Akerman LLP, New York (Jordan M. Smith of counsel), for respondent.
Appeal from Order and Judgment (one paper), Supreme Court, New York County (Francis A. Kahn III, J.), entered May 26, 2022, which, to the extent appealed from as limited by the briefs, granted plaintiff Wells Fargo's motion for a judgment of foreclosure and sale and denied defendant's Ferrato's cross-motion for summary judgment dismissing the complaint, unanimously held in abeyance, without costs, and the matter remitted to Supreme Court for consideration, after joinder of the Attorney General, of plaintiff's arguments that the Foreclosure Abuse Prevention Act (FAPA) (L 2022, ch 821), as applied in this case, violates the Takings and Due Process Clauses of the Federal and State Constitutions.
Supreme Court granted plaintiff's motion for summary judgment of foreclosure and sale on or about May 26, 2022, and the judicial foreclosure sale was scheduled to occur on November 2, 2022. On December 30, 2022, FAPA went into effect. FAPA provides that a voluntary discontinuance of a foreclosure action does not reset the limitations period to commence a foreclosure action. FAPA Section 10 provides that it shall apply to all foreclosure actions "in which a final judgment of foreclosure and sale has not been enforced" (L 2022, ch 821, § 10). This Court has determined that the Legislature intended FAPA to apply retroactively (see Wilmington Tr., N.A. v Farkas, 232 AD3d 524, 525-526 [1st Dept 2024]; Bayview Loan Servicing, LLC v Dalal, 232 AD3d 487, 488 [1st Dept 2024]; Genovese v Nationstar Mtge. LLC, 223 AD3d 37, 44 [1st Dept 2023]).

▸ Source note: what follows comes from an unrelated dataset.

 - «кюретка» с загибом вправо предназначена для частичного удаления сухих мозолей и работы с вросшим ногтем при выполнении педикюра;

Contrary to plaintiff's contention, FAPA applies here since plaintiff's final judgment of foreclosure and sale has not been enforced (L 2022, ch 821, § 10). Courts have consistently distinguished between a judgment and its enforcement (see e.g. Harris S.A. De C.V. v Grupo Sistemas Integrales De Telecomunicacion S.A. De C.V., 279 AD2d 263 [1st Dept 2001], lv denied 96 NY2d 709 [2001]). "Enforcement" of a foreclosure judgment is understood as the conducting of a sale (see Guardian Loan Co. v Early, 47 NY2d 515, 519-520 [1979] [CPLR 5240 grants courts power to alter enforcement procedures before, but not after, deed is delivered to purchaser, at which time enforcement procedure is completed]; see also U.S. Bank Trust, N.A. v Leonardo, 79 Misc 3d 1075, 1079 [Sup Ct, Nassau County 2023]).

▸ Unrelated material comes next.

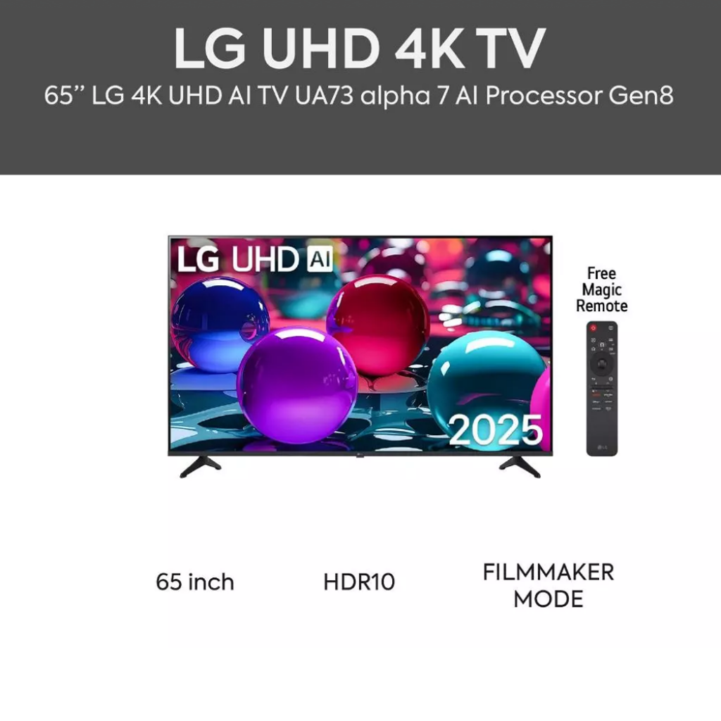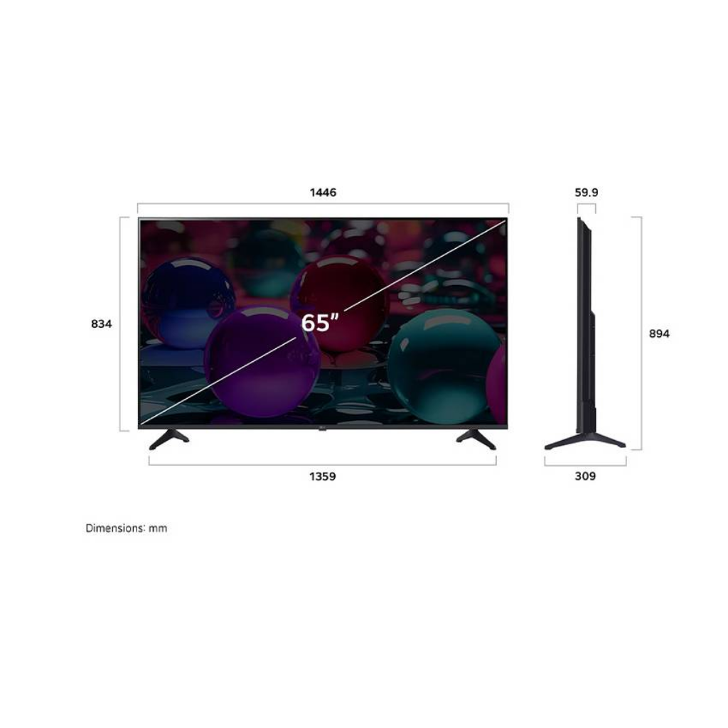 • 65-inch Real 4K UHD screen. • alpha 5 AI Processor 4K Gen7 enhances picture and sound. • AI Sound Pro (Virtual 9.1.2 Up-mix). • webOS Re:New Program guarantees upgrades for 5 years. • Apple AirPlay2 and HomeKit compatible. • Magic Remote Ready. • **Warranty: 2 Years General Warranty.**

CPLR 213(4)(a) provides, in relevant part, that "a plaintiff shall be estopped from asserting that the instrument was not validly accelerated, unless the prior action was dismissed based on an expressed judicial determination, . . ., that the instrument was not validly accelerated." Plaintiff contends that in Freedom Mtge. Corp. v Engel (37 NY3d 1 [2021]), the Court of Appeals' conclusion that this action was timely commenced constituted an "expressed judicial determination" that the debt "was not validly accelerated" by prior foreclosure actions commenced in 2009 and 2011, thus removing it from FAPA's ambit. However, Supreme Court initially dismissed [*2]the 2009 foreclosure action for plaintiff's failure to attach a copy of the 2008 loan modification agreement, from which plaintiff did not appeal. Thus, plaintiff is estopped under FAPA's clarifications to CPLR 213(4) from contending that its commencement of the 2009 foreclosure action did not validly accelerate the debt (see Genovese v Nationstar Mtge. LLC, 223 AD3d 37, 46 [1st Dept 2023]). Significantly, the Court of Appeals' reasoning for determining this action was timely in Engel, was expressly overruled by FAPA.
Although we agree with defendant that FAPA, as enacted, applies to this foreclosure action, plaintiff has raised a substantial question as to whether the application of FAPA to this case, in which plaintiff obtained a final judgment of foreclosure and sale before FAPA was enacted, violates the Takings and Due Process Clauses of the Federal and State Constitutions. Supreme Court did not have an opportunity to address this issue, as the order appealed from was rendered before FAPA was enacted. Accordingly, we hold the appeal in abeyance and remit the matter to Supreme Court for consideration of these constitutional issues after joinder of the Attorney General.
THIS CONSTITUTES THE DECISION AND ORDER OF THE SUPREME COURT, APPELLATE DIVISION, FIRST DEPARTMENT.